День Победы - Страница 409


К оглавлению

409

Олег Бурцев, бросив на пол рюкзак и прислонив к стене пулемет, с наслаждением плюхнулся на аккуратно заправленную одеялом казенного образца кровать, раскидав руки и вытянув гудевшие от напряжения ноги. Только тот, кому приходилось неделями жить в землянке в лесу, спать на голой земле, может понять, каково это, просто лежать на настоящей кровати и видеть над головой крышу, а не свод блиндажа и тем более не звездное небо поздней осенью. И пусть всему этому скоро придет конец, пусть счастье не продлится долго, пока бывший гвардии старший сержант просто наслаждался счастливыми минутами, заставив себя забыть об окружающем мире, полном трудностей и угроз.

Услышав негромкие шаги и чье-то дыхание, Олег резко поднялся, садясь на постели. На пороге стояла Ольга Кукушкина. Она уже где-то оставила оружие и ранец со снаряжением, сбросила бушлат, оставшись в свитере цвета хаки и камуфлированных мешковатых штанах. Девушка успела умыться, и сейчас пыталась пригладить вставшую дыбом мокрую челку.

— Не спишь?

— Просто задумался, — пожал плечами Бурцев. — Даже не привычно, когда тебя охраняют, не надо стоять на посту полночи, бродить по лесу. Я уже отвык от того, чтоб просто жить в казарме.

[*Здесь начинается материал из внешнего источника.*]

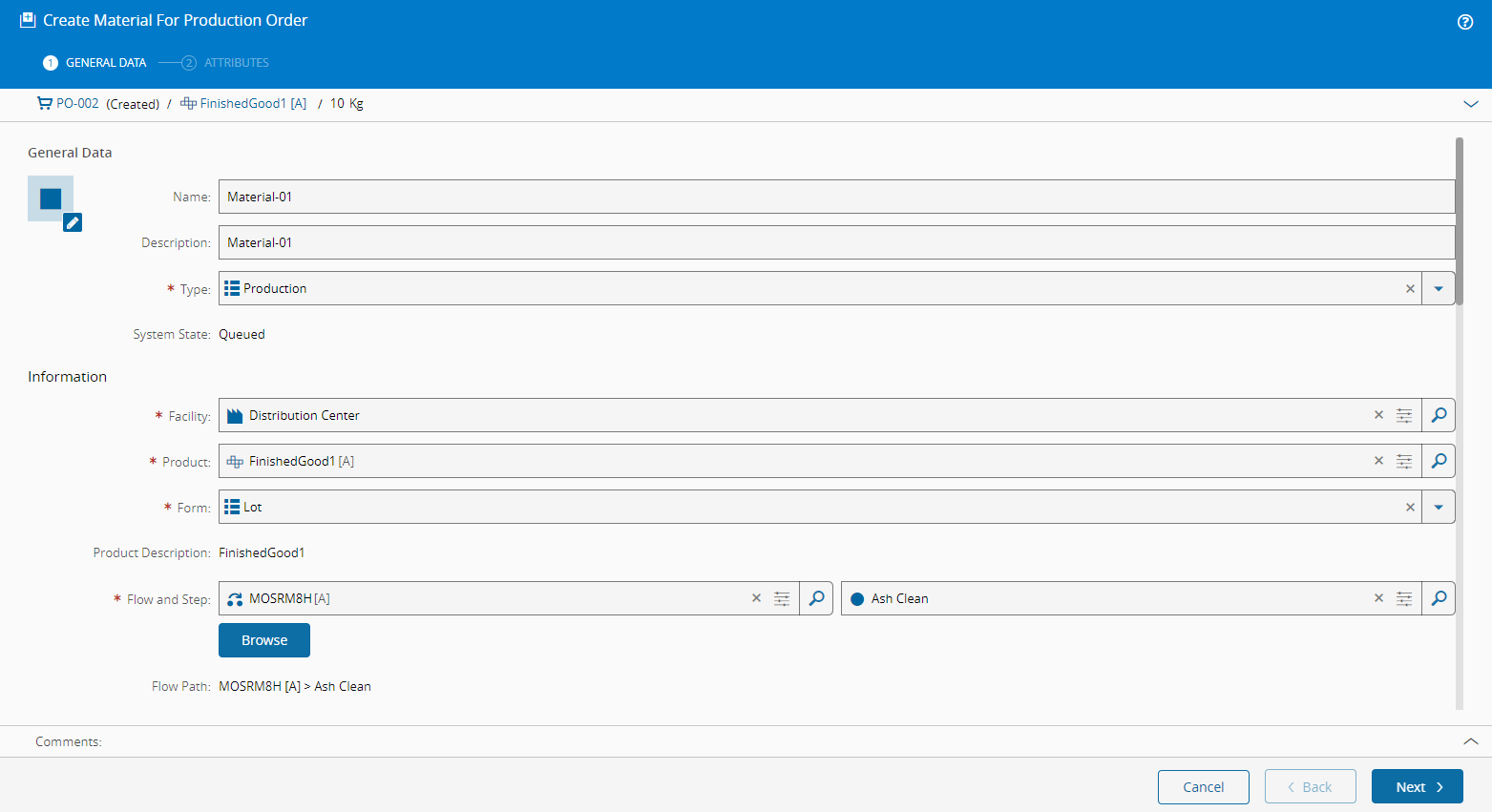 (Production Order Quantity - Production Order In Progress Quantity - Production Order Completed Quantity) / (Product Standard Yield)adjusted to the Material Step units, but it can be changed. - The Flow is set with the Production Order Flow and Production Order Flow Path (if defined) - but it can be changed.
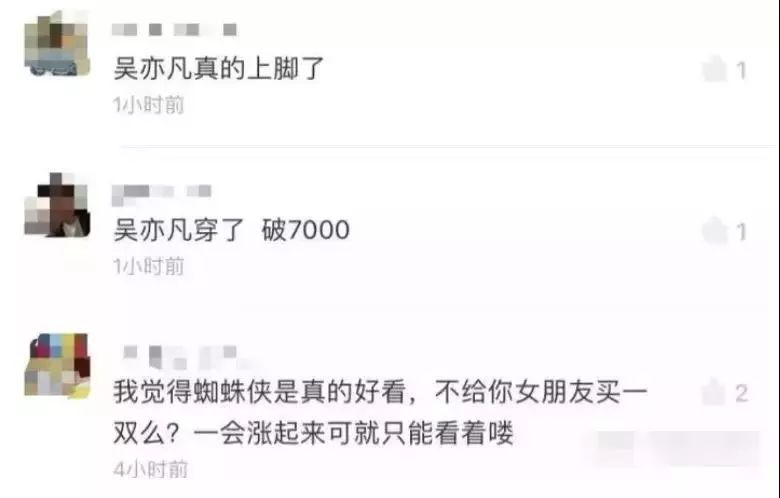 吴亦凡上脚了AJ1蜘蛛侠后,该款鞋子短短一小时内价格上涨了5倍左右。
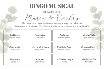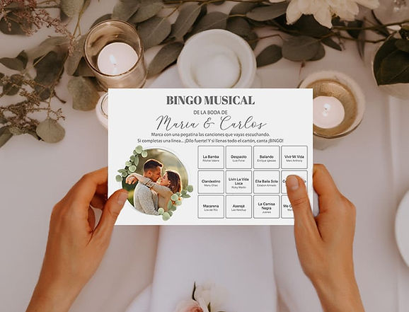 Cada cartón se personaliza con la lista de canciones elegidas. Si eres cliente de nuestras invitaciones, aplicaremos el mismo diseño para que todo tenga el mismo estilo.

— Думаешь, это надолго? Нас же не для того сюда привезли, чтоб мы ели и спали, ни о чем не заботясь?

— Нет, конечно. — Олег не питал иллюзий насчет того, что могло жать партизан в недалеком будущем. — Нам просто дали передышку, и мой совет тебе, воспользуйся этим. Это не конец войны, просто перемирие, и закончиться все может в любой миг.

Ольга подошла ближе, присев на край кровати. Посмотрела в окно, за которым открывалась панорама погрузившегося в какую-то полудрему пионерлагеря, ныне давшего приют более опасным постояльцам. Олег вдруг почувствовал запах ее кожи, аромат, пробивавшийся сквозь пот, бензин. Он почувствовал внутреннее напряжение, дрожь, какая охватывала десантника прежде перед прыжком с парашютом.

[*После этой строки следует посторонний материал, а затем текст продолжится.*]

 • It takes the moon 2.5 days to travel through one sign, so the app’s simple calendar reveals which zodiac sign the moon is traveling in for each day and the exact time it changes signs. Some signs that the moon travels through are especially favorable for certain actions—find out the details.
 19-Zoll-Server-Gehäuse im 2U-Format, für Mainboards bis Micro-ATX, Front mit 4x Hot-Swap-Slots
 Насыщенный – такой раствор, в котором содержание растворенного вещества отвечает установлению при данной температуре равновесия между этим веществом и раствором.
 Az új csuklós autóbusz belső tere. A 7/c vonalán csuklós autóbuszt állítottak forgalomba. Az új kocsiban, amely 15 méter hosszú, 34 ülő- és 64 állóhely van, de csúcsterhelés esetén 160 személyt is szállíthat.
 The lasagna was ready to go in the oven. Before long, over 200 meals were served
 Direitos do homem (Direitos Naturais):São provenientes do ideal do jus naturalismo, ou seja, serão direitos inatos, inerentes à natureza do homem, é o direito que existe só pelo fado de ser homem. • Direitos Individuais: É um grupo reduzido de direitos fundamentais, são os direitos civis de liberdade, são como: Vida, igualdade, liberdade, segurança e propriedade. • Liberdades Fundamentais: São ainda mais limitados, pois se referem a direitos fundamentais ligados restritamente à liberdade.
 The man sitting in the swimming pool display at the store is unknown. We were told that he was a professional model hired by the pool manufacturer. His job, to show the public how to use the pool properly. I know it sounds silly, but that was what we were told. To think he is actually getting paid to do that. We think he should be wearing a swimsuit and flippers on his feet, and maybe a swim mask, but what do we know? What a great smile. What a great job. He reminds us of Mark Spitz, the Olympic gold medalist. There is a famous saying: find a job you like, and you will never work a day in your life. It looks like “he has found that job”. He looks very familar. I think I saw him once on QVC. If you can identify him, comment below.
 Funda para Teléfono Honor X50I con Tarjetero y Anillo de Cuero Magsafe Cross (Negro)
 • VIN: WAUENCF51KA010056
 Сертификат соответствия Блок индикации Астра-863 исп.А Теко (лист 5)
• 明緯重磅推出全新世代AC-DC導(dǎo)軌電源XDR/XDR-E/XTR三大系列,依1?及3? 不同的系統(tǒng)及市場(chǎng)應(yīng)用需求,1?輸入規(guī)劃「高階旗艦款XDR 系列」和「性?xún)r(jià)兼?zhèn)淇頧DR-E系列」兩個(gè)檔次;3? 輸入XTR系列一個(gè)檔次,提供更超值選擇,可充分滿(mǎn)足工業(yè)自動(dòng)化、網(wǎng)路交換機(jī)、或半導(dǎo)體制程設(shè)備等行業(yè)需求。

— Тебе проще, ты сильный, тебя учили воевать, убивать, — вполголоса произнесла Ольга, продолжая смотреть в окно. Там, снаружи, неторопливо прогуливался часовой, время от времени поправляя ремень висевшего за плечом автомата. — Если в тебя стреляют, ты можешь выстрелить в ответ. А мне просто страшно. За последние недели я слишком часто чувствовала своим затылком дыхание смерти. Мне кажется, я не выдержу. Наш командир, он вообще будто из стали, из танковой брони! Вы солдаты! А кто я?

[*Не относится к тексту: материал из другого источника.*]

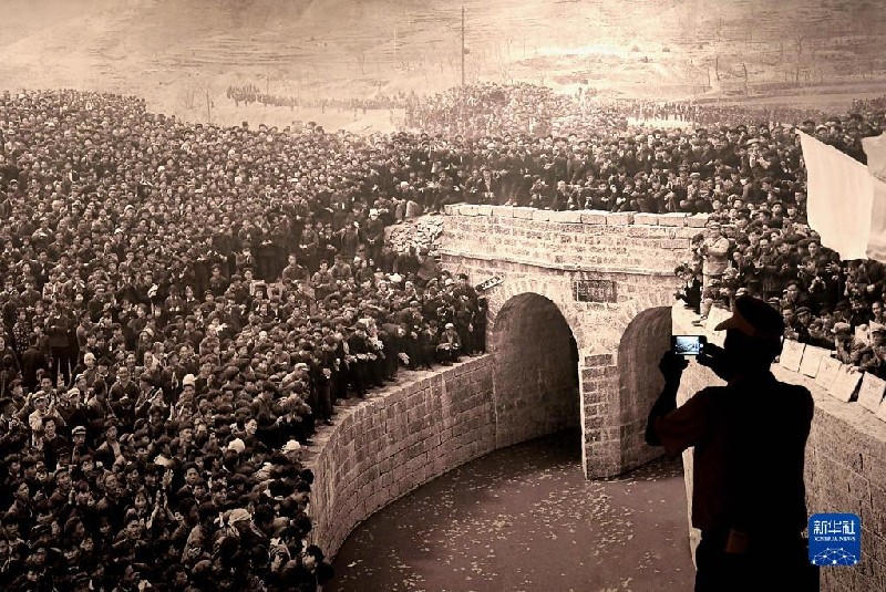 參觀者在紅旗渠紀(jì)念館拍攝展出的紅旗渠通水慶典照片(2019年7月4日攝)。新華社記者 李安 攝
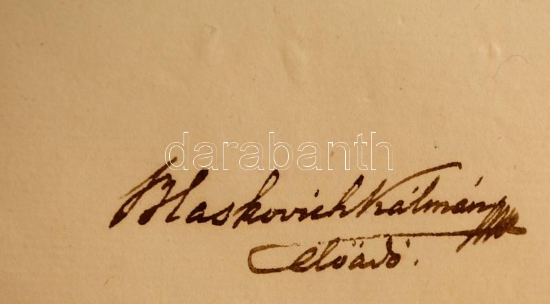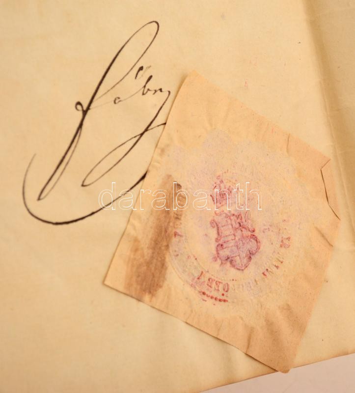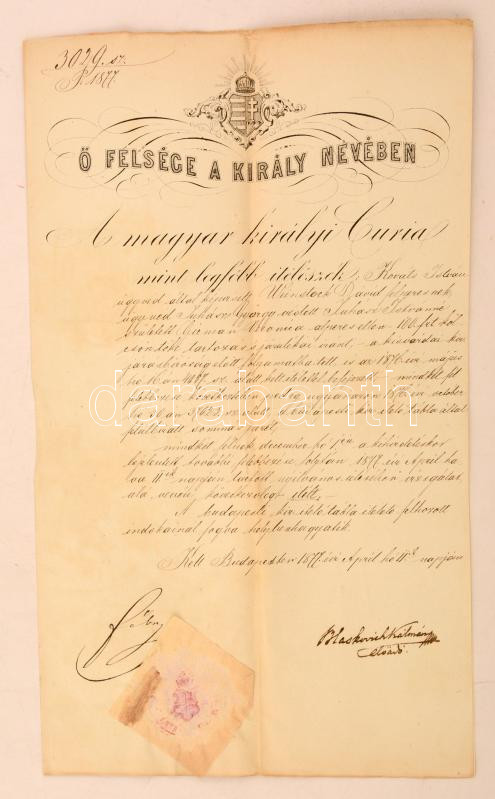 1877 Őfelsége a király nevében a Magyar Királyi Curia, mint legfőbb ítélőszék által hozott ítélet, Weinstock Dávid felperes tartozási ügyében, kisvárdai kir. járásbírósági vonatkozással, szárazpecséttel, Blaskovich Kálmán elnök aláírásával.
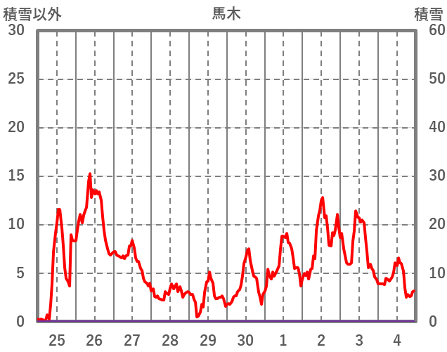 | 日 | 時 | 気温 | 降水 | 風向/風速 | 日照 | 積雪 | 降雪 |
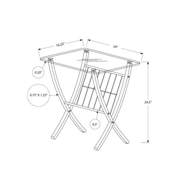 This contemporary accent table is not only stylish but also versatile. It features a rectangular tempered glass top with rounded corners and a convenient metal chrome rack for magazines or books. Stained in a rich espresso finish with unique crossing bentwood legs for sturdy support will suit almost any decor. This side table fits in perfectly in your living room, family room, bedroom, den, or office.. Includes a metal chrome rack ideal for storing magazines or books. Use as a side table to display a lamp, decorative objects. Versatile for any room with a contemporary/transitional style. Clear thick tempered glass (8mm) with a sophisticated bentwood base in a espresso finish.

Девушка говорила монотонно, без эмоций, словно сама с собой, и при этом глядела в пустоту, совершенно не замечая суеты за окном. А Олег молча слушал, опасаясь перебить ее словом, да ходя бы слишком резким вздохом, любым движением, понимая, что может чувствовать Ольга, совсем еще ребенок, оказавшийся в самом пекле необъявленной войны, оторванный от привычно жизни, вынужденный видеть чужие страдания каждый день, и не могущий при этом хотя бы кому-нибудь рассказать о страданиях собственных.

— Я не солдат, Олег, я не могу стрелять, видя, как кто-то умирает от моих пуль, и потом спокойно засыпать, ни о чем не думая. А для вас я только помеха! Все пытаются меня защищать, и умирают! Ты смог бы жить спокойно, зная, что ради этого кто-то другой, твой товарищ, расстался с жизнью?!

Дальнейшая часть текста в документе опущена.